(Data for review)

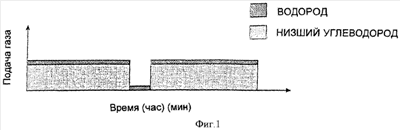 Кроме того, из типичного графика на фиг.2 видно, что в этом примере длительность подачи газообразного водорода составляет 21 час, в то время как длительность подачи газообразного метана составляет 17 часов. Однако скорость подачи газообразного водорода может быть выражена следующим образом:
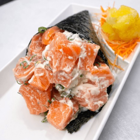 Base de arroz envolta em alga nori, coberta com tartar de salmão e cream cheese.
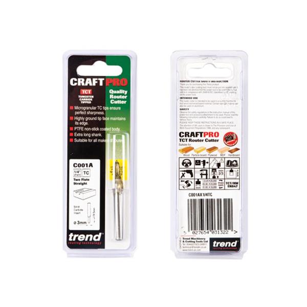 The Trend C001A x 1/4 TCT Two Flute Cutter has the following specification:
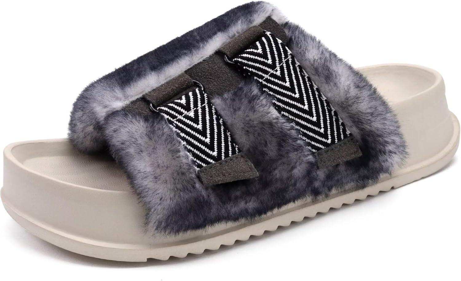 KuaiLu Women’s Orthotic Slippers With Arch Support Soft Cushion Sandal Slippers for Woman Ladies Fashion Open Toe Faux Fur Platform Slipper Indoor Outdoor 6~12(White Black (Adjustable))
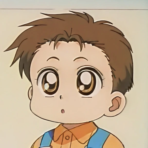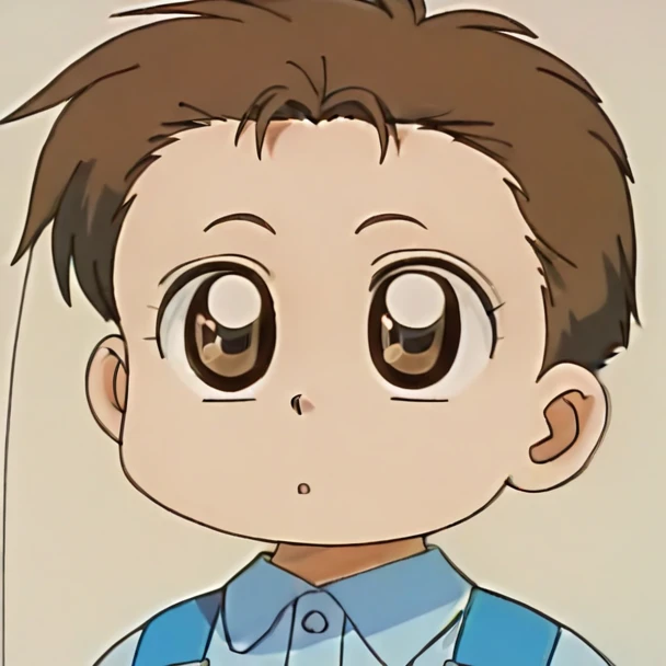 ,anime coloring, <lora:Enoki Minoru - Aka-chan to Boku 1.3:0.8>retro_artstyle, , 1boy, solo, short hair, brown hair, shirt, brown eyes, , forehead , collared shirt, chibi,
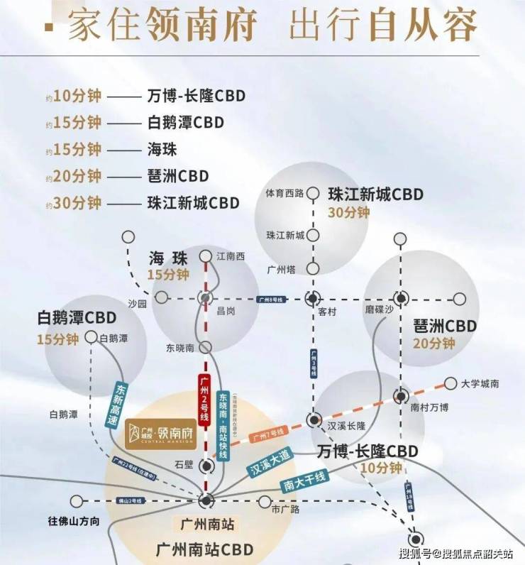 首先,项目紧邻广州南站,这是中国南方最大的高铁枢纽之一,也是亚洲最大的综合交通枢纽之一。通过广深港高铁、贵广铁路、南广铁路、广珠城际等多条高速铁路线路,项目可快速直达深圳、珠海、南宁、贵阳等周边城市,甚至远至香港、澳门。对于经常需要往返港澳或在一线城市间穿梭的商务人士而言,这种“半小时生活圈”的便利性,无疑极大提升了工作效率与生活品质。同时,广州南站还设有地铁2号线、7号线、22号线以及在建的广佛环线,形成了“轨道上的大湾区”核心节点。乘客可在站内无缝换乘,轻松抵达珠江新城、琶洲、白鹅潭、海珠湾等核心商圈,实现“一站直达”的出行体验。
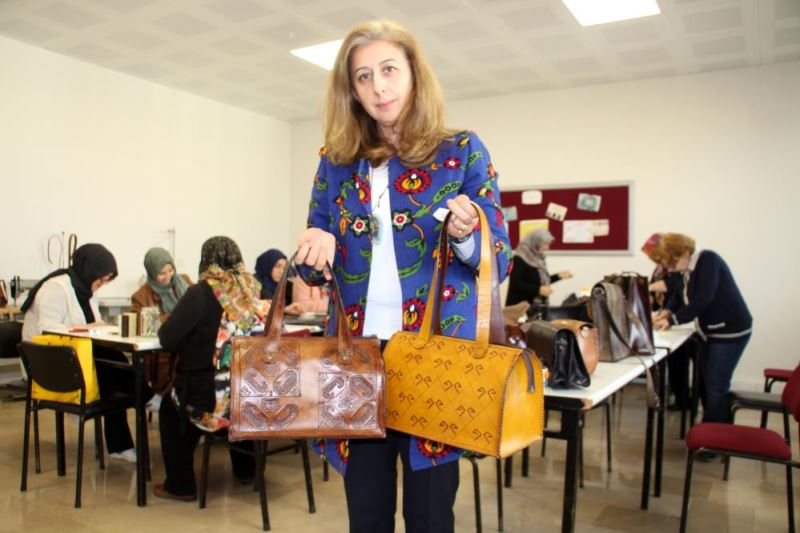 El sanatları öğretmeni Meral Menteşeli, işlemin zorluğuna göre fiyatların değiştiğini ifade etti. Menteşeli, deri işleri yaptıklarını söyleyerek, “Deri kursumuzda çanta, kemer, giyim, kıyafet, tablo ve pano gibi her türlü deri işleri yapıyoruz. Biz ham deriyi alıyoruz. Daha sonra kalıp çıkararak kesiyoruz. Şekillendiriyoruz, boyuyoruz ve dikiyoruz. Derilerimizi bazen şehir dışından, bazen de buradaki malzemecilerimizden alıyoruz. Kursiyer bir çanta için yaklaşık 1 hafta uğraşıyor. Çantamıza kraft yapabiliyoruz, nakış yapabiliyoruz. Oyma ve boyama tekniğimiz var. Isıtarak şekillendirme tekniğimiz var” dedi.
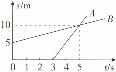 (1)物体 B 的运动速度:$v_B=\frac{s_B}{t_B}=\frac{10\ m-5\ m}{5\ s}=1\ m/s$ 物体 A 的运动速度:$v_A=\frac{s_A}{t_A}=\frac{10\ m}{5\ s-3\ s}=5\ m/s$

(End Data for review)

# [Task directions]
What you write should match the entries exactly, except that the pictures are dropped.

# [Response to this exercise]
 Кроме того, из типичного графика на фиг.2 видно, что в этом примере длительность подачи газообразного водорода составляет 21 час, в то время как длительность подачи газообразного метана составляет 17 часов. Однако скорость подачи газообразного водорода может быть выражена следующим образом:
 Base de arroz envolta em alga nori, coberta com tartar de salmão e cream cheese.
 The Trend C001A x 1/4 TCT Two Flute Cutter has the following specification:
 KuaiLu Women’s Orthotic Slippers With Arch Support Soft Cushion Sandal Slippers for Woman Ladies Fashion Open Toe Faux Fur Platform Slipper Indoor Outdoor 6~12(White Black (Adjustable))
 ,anime coloring, <lora:Enoki Minoru - Aka-chan to Boku 1.3:0.8>retro_artstyle, , 1boy, solo, short hair, brown hair, shirt, brown eyes, , forehead , collared shirt, chibi,
 首先,项目紧邻广州南站,这是中国南方最大的高铁枢纽之一,也是亚洲最大的综合交通枢纽之一。通过广深港高铁、贵广铁路、南广铁路、广珠城际等多条高速铁路线路,项目可快速直达深圳、珠海、南宁、贵阳等周边城市,甚至远至香港、澳门。对于经常需要往返港澳或在一线城市间穿梭的商务人士而言,这种“半小时生活圈”的便利性,无疑极大提升了工作效率与生活品质。同时,广州南站还设有地铁2号线、7号线、22号线以及在建的广佛环线,形成了“轨道上的大湾区”核心节点。乘客可在站内无缝换乘,轻松抵达珠江新城、琶洲、白鹅潭、海珠湾等核心商圈,实现“一站直达”的出行体验。
 El sanatları öğretmeni Meral Menteşeli, işlemin zorluğuna göre fiyatların değiştiğini ifade etti. Menteşeli, deri işleri yaptıklarını söyleyerek, “Deri kursumuzda çanta, kemer, giyim, kıyafet, tablo ve pano gibi her türlü deri işleri yapıyoruz. Biz ham deriyi alıyoruz. Daha sonra kalıp çıkararak kesiyoruz. Şekillendiriyoruz, boyuyoruz ve dikiyoruz. Derilerimizi bazen şehir dışından, bazen de buradaki malzemecilerimizden alıyoruz. Kursiyer bir çanta için yaklaşık 1 hafta uğraşıyor. Çantamıza kraft yapabiliyoruz, nakış yapabiliyoruz. Oyma ve boyama tekniğimiz var. Isıtarak şekillendirme tekniğimiz var” dedi.
 (1)物体 B 的运动速度:$v_B=\frac{s_B}{t_B}=\frac{10\ m-5\ m}{5\ s}=1\ m/s$ 物体 A 的运动速度:$v_A=\frac{s_A}{t_A}=\frac{10\ m}{5\ s-3\ s}=5\ m/s$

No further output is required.